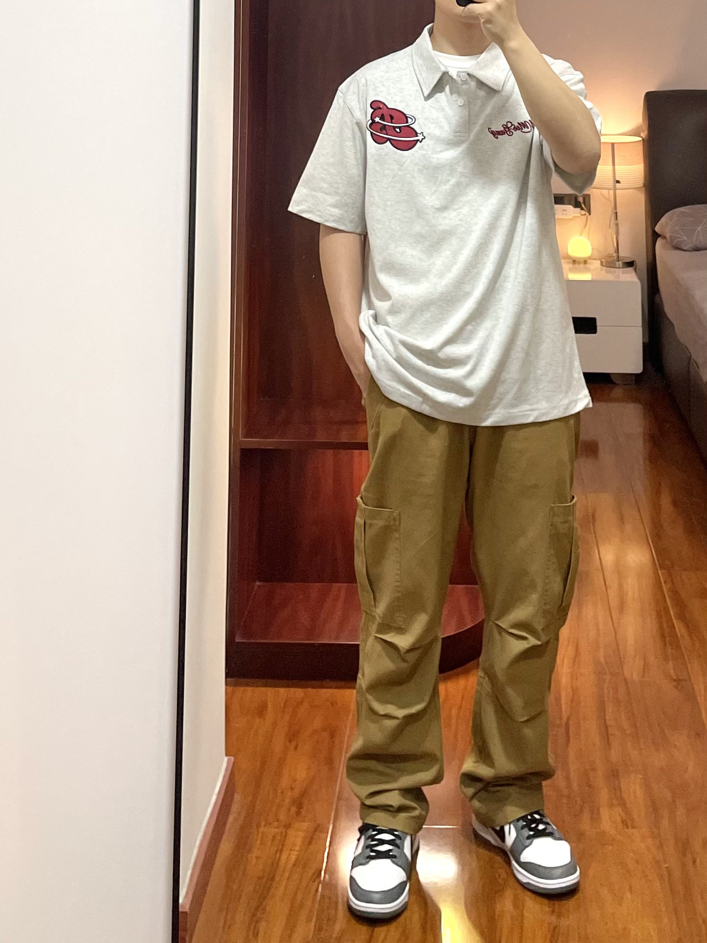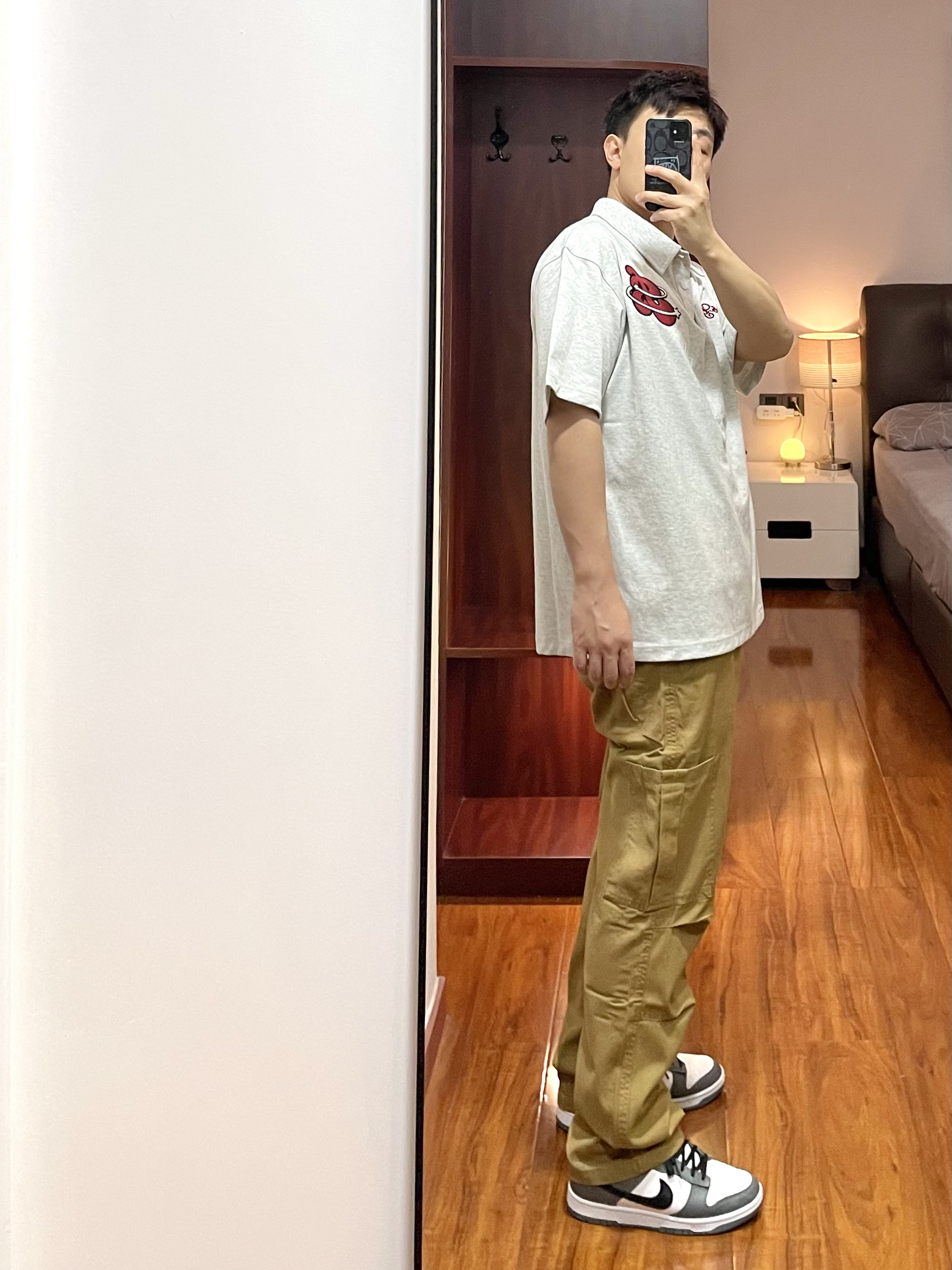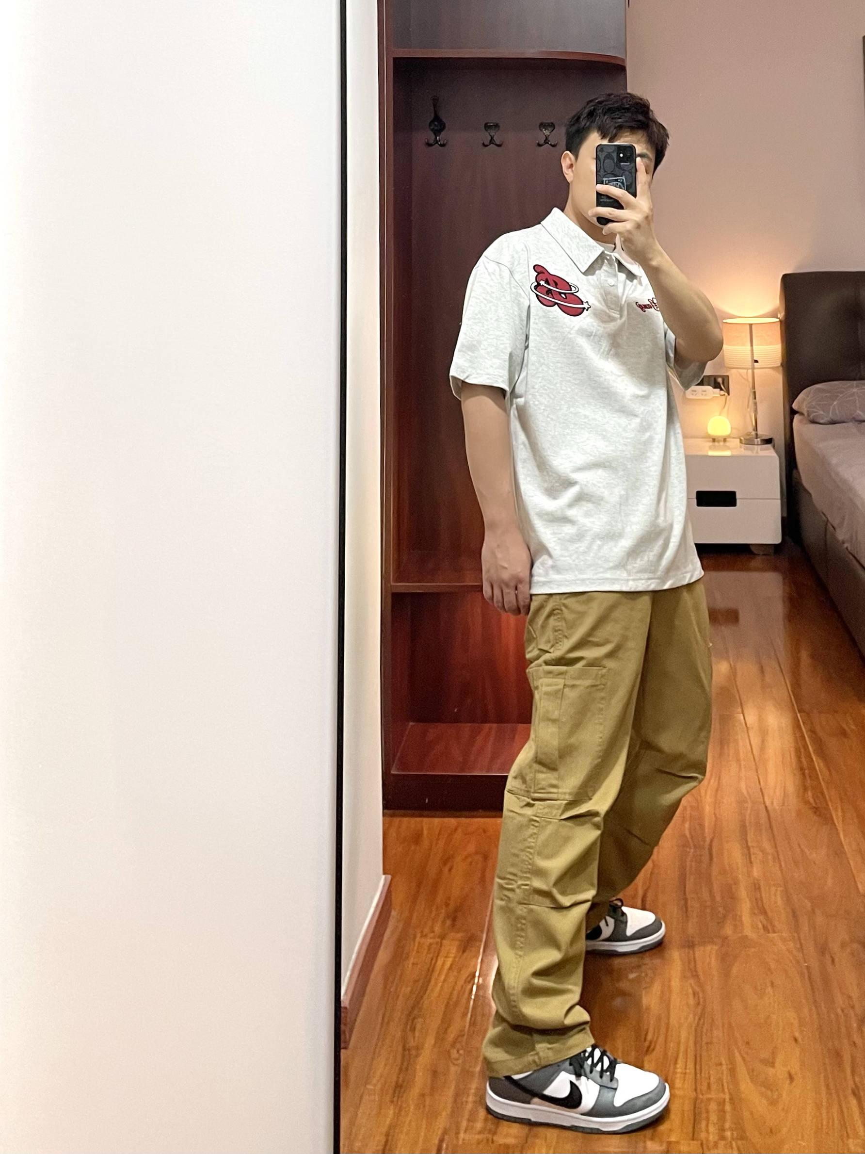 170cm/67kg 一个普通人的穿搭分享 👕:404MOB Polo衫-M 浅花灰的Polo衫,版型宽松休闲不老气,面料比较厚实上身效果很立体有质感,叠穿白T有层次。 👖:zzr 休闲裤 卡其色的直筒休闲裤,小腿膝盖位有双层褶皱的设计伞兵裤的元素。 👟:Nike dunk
==============================
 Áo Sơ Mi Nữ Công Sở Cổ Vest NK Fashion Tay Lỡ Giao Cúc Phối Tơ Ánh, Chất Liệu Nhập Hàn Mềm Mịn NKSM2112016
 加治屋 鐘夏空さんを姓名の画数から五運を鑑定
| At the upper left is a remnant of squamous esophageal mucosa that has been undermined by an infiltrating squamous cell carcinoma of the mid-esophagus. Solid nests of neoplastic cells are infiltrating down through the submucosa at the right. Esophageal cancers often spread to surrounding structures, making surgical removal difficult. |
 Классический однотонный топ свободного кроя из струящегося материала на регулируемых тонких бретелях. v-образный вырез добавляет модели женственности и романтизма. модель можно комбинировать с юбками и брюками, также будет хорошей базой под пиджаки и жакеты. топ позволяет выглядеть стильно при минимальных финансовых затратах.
==============================
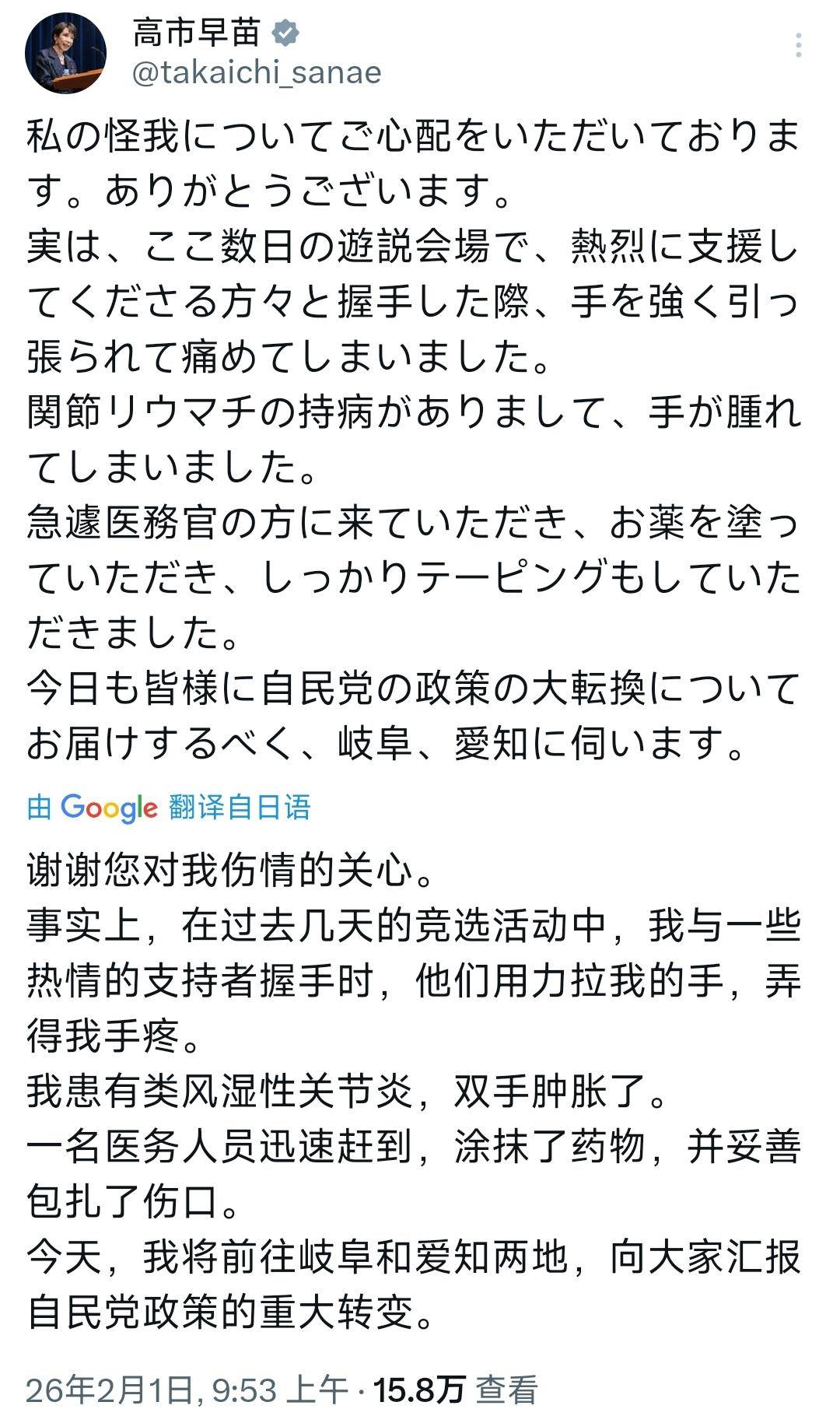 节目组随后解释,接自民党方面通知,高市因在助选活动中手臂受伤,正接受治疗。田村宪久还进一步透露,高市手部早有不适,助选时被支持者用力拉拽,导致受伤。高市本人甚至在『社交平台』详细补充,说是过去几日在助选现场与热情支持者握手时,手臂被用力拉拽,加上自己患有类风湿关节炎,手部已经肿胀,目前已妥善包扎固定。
==============================
From the records above, extract exactly and only the lines that begin at the line with "加治屋 鐘夏空さんを姓名の画数から五運を鑑定" and stop after the line with "Классический однотонный топ".

Response for this exercise:
 加治屋 鐘夏空さんを姓名の画数から五運を鑑定
| At the upper left is a remnant of squamous esophageal mucosa that has been undermined by an infiltrating squamous cell carcinoma of the mid-esophagus. Solid nests of neoplastic cells are infiltrating down through the submucosa at the right. Esophageal cancers often spread to surrounding structures, making surgical removal difficult. |
 Классический однотонный топ свободного кроя из струящегося материала на регулируемых тонких бретелях. v-образный вырез добавляет модели женственности и романтизма. модель можно комбинировать с юбками и брюками, также будет хорошей базой под пиджаки и жакеты. топ позволяет выглядеть стильно при минимальных финансовых затратах.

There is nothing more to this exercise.